There is a lot of open and green space in Washtenaw County and much of that land will be preserved forever. 89.1 WEMU's Lisa Barry brings you the story of a local environmental activist who has worked several decades to preserve our green spaces and whose efforts may have been 'Hidden in Plain Sight.'
If you listen carefully, you can hear what inspired Barry Lonik to become a self described “earth defender.” Barry is a local conservationist and environmentalist, who has devoted his life to preserving nature.
“That calling was inside me. I think it’s inside all of us frankly. It’s whether or not we recognize it and respond to it. People in urban environments, you know, don’t have those opportunities often times. Even with great parks and so forth around, it’s just different. To be in a much more wild area like this.

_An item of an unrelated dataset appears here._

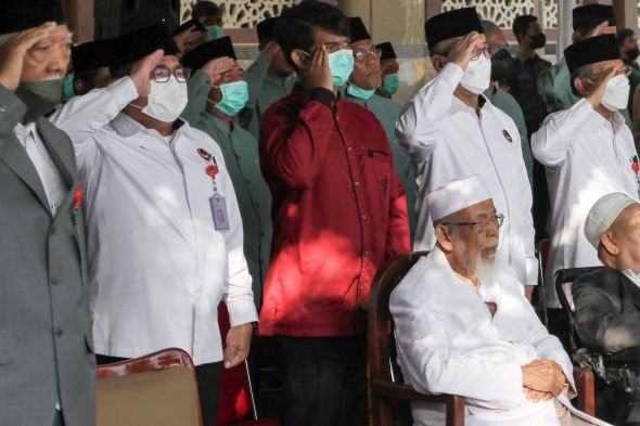 PONDOK Pesantren Al Mukmin Ngruki menggelar upacara bendera dalam rangka HUT ke-77 Republik Indonesia pada Rabu (17/8) kemarin. Upacara tersebut disebut sebagai yang pertama kali dilakukan secara besar-besaran di ponpes yang didirikan oleh Abu Bakar Ba’asyir pada 1972 itu.

Away from the sounds of the world; the modern industrial world anyway.”
Barry first discovered the quiet and freedom that can come from nature as a teenager, riding his bike to spend time by a river a few miles from his Oakland County home.
Today, we are at the Burns-Stokes County Preserve on Zeeb Road in Scio Township near the city of Dexter. This is some of the over 7,000 acres of land and over 100 properties he has helped to protect.

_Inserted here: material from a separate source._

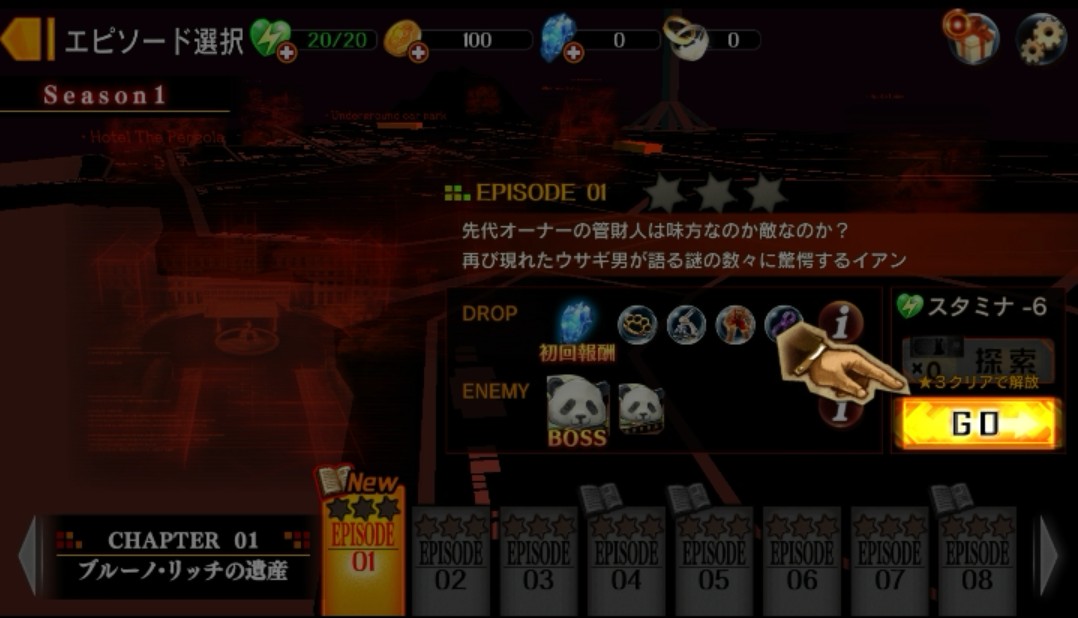 「エピソード選択」の画面に切り替わりました。ここでは指示通り「Chapter01」を進めるため「GO」をタップします。

“It’s very satisfying. Very proud of that and feel like that’s something that contributed to the community.”
As we walk through wild-growing skunk cabbage, vibrant trout lilies, and remnants of our “water powered past,” Barry proudly notes there are five publicly-funded land preservation programs available in our community.
“Washtenaw County through the Parks Department has the Natural Areas Preservation Program, which works on farmland and natural area preservation. This is a natural area within the county parks system. City of Ann Arbor has its Greenbelt Program, which can spend outside of the city limits and the surrounding townships. And then Scio, Webster, and Ann Arbor have their own dedicated millages. There’s nothing like that anywhere else in Michigan and not for long ways”

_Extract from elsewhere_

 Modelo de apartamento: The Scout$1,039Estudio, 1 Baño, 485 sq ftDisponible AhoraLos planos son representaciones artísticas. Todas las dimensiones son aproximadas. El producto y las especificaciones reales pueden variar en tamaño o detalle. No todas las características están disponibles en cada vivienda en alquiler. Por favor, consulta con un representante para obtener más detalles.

Barry, who lives in in Dexter Township, puts his passion for nature to work with his company, Treemore Ecology and Land Services, Incorporated. He’s proud to be called a “tree-hugger”
"My nickname is actually Treemore, which is the name of my business also. And my high school friends still call me Tree from back in the day. So it’s like I’m hugging myself, right?” (Laughs)
He’s also proud to share the sustainability efforts he’s put into place by growing food outside his home.
“Twenty-five something different crops, I think, I have off my property. From, like, I have a few perennials like horseradish and asparagus and raspberries and grapes, and I plant a lot of other stuff.”
Lonik’s other passion is live music, and he shares that with the community by having local musicians play in his home and in the 1880s era barn on his property.
"You know, I got a barn that people come and play at. And the last couple years, I’ve been hosting house concerts at my place and selling tickets for it. And, you know, having the most amazing people come through.”
Lonik recently hosted a concert with musician May Erlewine that sold out – twice!
“I tell people afterwards that I spend half the time flying like, ‘Oh my God, this is the most wonderful thing in the world!’ and half the time crying because it’s so beautiful!”
Barry Lonik, hidden in plain sight, has devoted his life to preserving the nature and history that has given him a strong sense of peace and freedom. He hopes that others in our community can find some of those feelings he enjoys every day.